2.8. Scoring and visualization

The compounds that were drug-like and non-toxic were rescored using X-score (Wang et al., 2002). X-score uses three different empirical scoring functions viz. HPScore (Hydrophobic Pair), HMScore (Hydrophobic Match), and HSScore (Hydrophobic surface). VDW, H-Bond, RT denotes Van der Waals interaction, Hydrogen bonding, rotatable bonds respectively. They can be written as -:

HPScore =C0.1+ CVDW.1*(VDW) + CHB.1*(HBond) + CHP*(Hydrophobic Pair) + CRT.1*(Rotor)HMScore= C0.2+ CVDW.2*(VDW) + CHB.2*(HBond) + CHM*(Hydrophobic Match) + CRT.2*(Rotor)HSScore= C0.3+ CVDW.3*(VDW) + CHB.3*(HBond) + CHS*(Hydrophobic surface) + CRT.3*(Rotor)XScore= (HPScore + HMScore + HSScore)/3

PyMOL, a molecular viewer (Yuan et al., 2017) was used to visualize the docked pose of hit compounds at the active site of Mpro. Further other interactions along with hydrogen bonds were studied by DS Visualizer.

2.9. MD Simulation

The MD Simulation study of Mpro and screened ligand-protein complexes was performed using GROMACS 5.0 (Pronk et al., 2013) package of Molecular Dynamics as described in a publication (Joshi, Sharma, et al., 2020). MD Simulation was performed on a work station with configuration Ubuntu 16.04 LTS 64-bit, 8GB RAM, Intel®CoreTM i7-9900K CPU, and 6 GB GPU. Four systems were created, one for predicting the stability of the Mpro-X77 complex and others for Mpro-ligand complexes and subjected for 100 ns MD Simulation studies. The topology file for ligand and protein was generated by using CGenFF server and pdb2gmx respectively by applying CHARMM 36 force field (Vanommeslaeghe et al., 2009). After that, a water solvated system was built by using the water model of TIP3P with dodecahedral periodic boundary conditions having box vectors of equal length 9.81 nm. The solutes were centered in the simulation box with a minimum distance to the box edge of 10 Å (1.0 nm). After defining the box, all the systems were solvated using the TIP3P water model in a dodecahedral box. Each solvated system was neutralized by the addition of 4 Na + ions. Energy minimization was done at 10 KJ/mol with steepest descent Algorithm by using Verlet cut off-scheme taking Particle Mesh Edward (PME) columbic interactions and the total nsteps taken by all systems during energy minimization cycle were 50,000. After that, position restraints were applied in the equilibration step. Then, NVT equilibration was done in 300 K and 5000 ps of steps and NPT equilibration taking Parrinello-Rahman (pressure coupling), 1 bar reference pressure, and 5000 ps of steps. At last, the production MD of the protein and protein-ligand complex was run for 100 ns. All the MD Simulations were performed with a time step interval of 2 fs.
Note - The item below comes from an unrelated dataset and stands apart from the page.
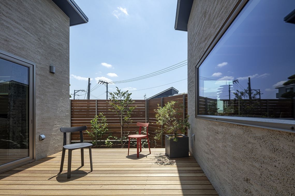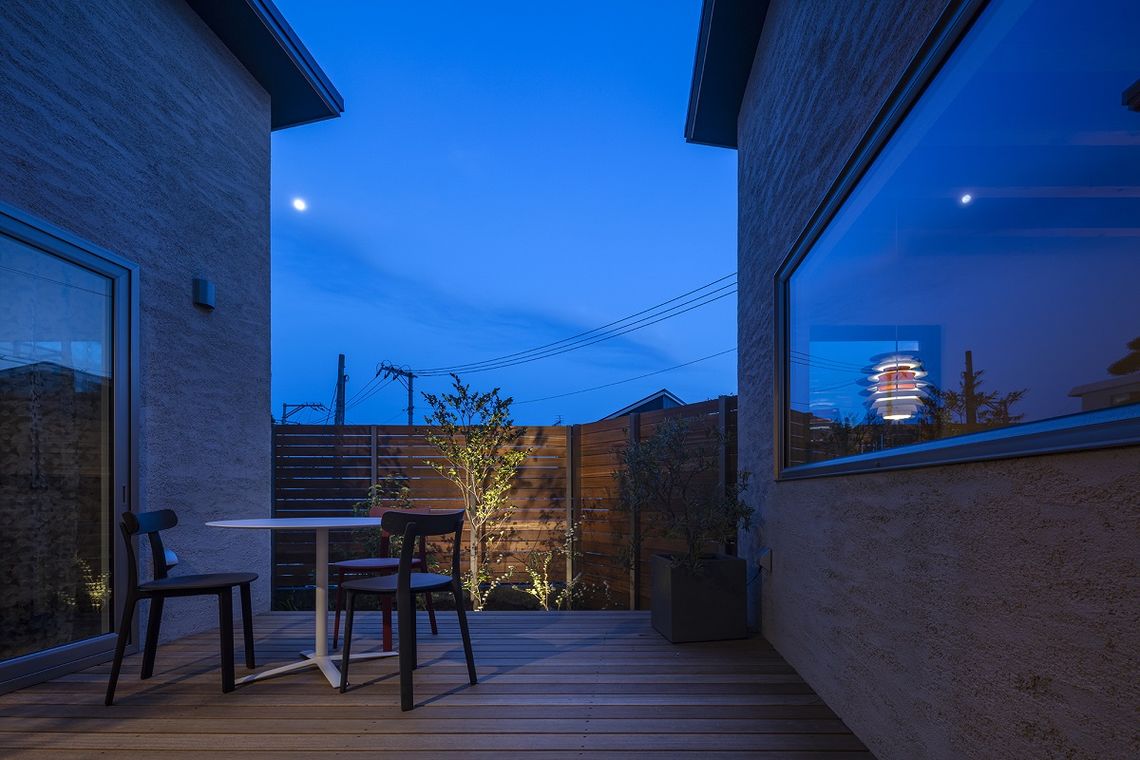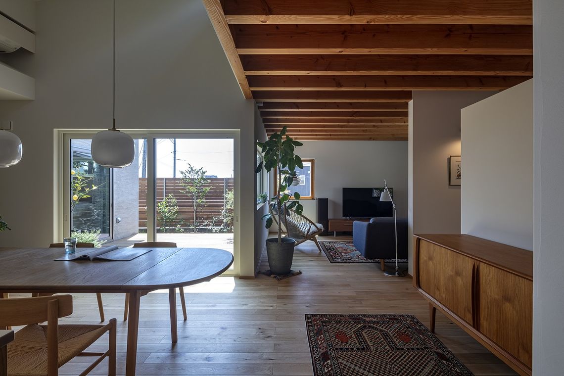 光や風が建物内にいきわたるように建物中心に配置した中庭「外の間」により、外の景色や光や風を室内に取り入れつつ、木板塀により外部からの視線をカットし、プライバシーを確保する間取りとしました。

After successful completion of MD Simulation for 100 ns, the Root mean square deviation (RMSD), Root mean square fluctuation (RMSF), and Radius of Gyration (Rg) were calculated using g_rms, g_rmsf, g_gyrate, tools of GROMACS 5.0.7.

2.10. Post-MD simulation

After successful completion of MD Simulation for 100 ns, we computed the numbers of H-bonds, solvent accessible surface area (SASA), and the average distance between protein and ligand to quantify the strength of the interaction between protein-ligand complexes. The numbers of H-bonds, SASA, and average distance were calculated by g_hbond, g_sasa, g_dist tool of GROMACS 5.0.7. Further, Principal component analysis (PCA) was carried out by g_covar, g_anaeig, and g_sham tools. The MD trajectories were analyzed by visual molecular dynamics (VMD) software. Finally, the xmgrace tool was used for generating and visualizing the plots.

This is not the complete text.